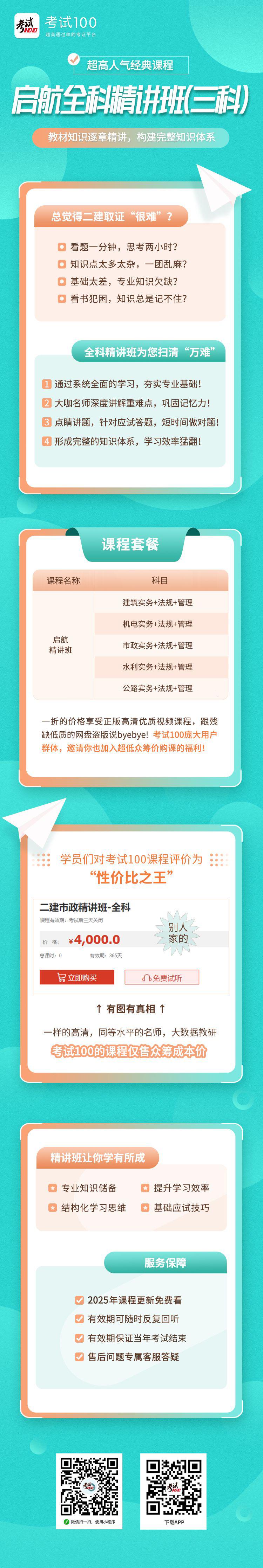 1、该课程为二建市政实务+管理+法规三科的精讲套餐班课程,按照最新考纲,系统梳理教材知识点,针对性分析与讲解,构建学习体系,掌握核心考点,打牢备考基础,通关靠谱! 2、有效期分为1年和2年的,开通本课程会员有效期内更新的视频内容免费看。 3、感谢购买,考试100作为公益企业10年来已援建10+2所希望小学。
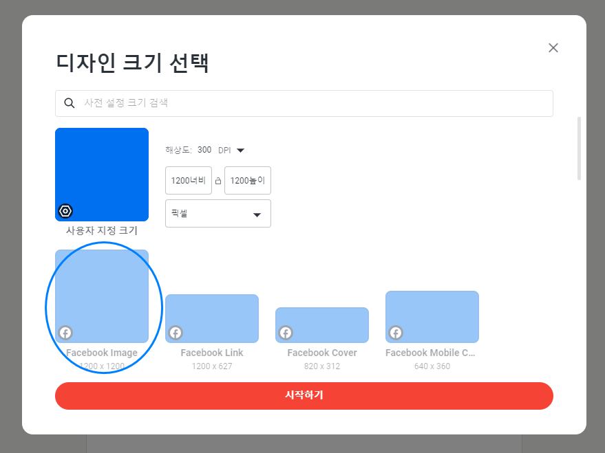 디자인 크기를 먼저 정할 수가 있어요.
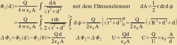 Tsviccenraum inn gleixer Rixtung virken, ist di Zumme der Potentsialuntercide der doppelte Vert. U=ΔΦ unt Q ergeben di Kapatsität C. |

### What you are asked to do
Skip the pictures and write out exactly the lines from the line containing "디자인 크기를 먼저 정할 수가 있어요." through the end of the listing above.

### Solution
 디자인 크기를 먼저 정할 수가 있어요.
 Tsviccenraum inn gleixer Rixtung virken, ist di Zumme der Potentsialuntercide der doppelte Vert. U=ΔΦ unt Q ergeben di Kapatsität C. |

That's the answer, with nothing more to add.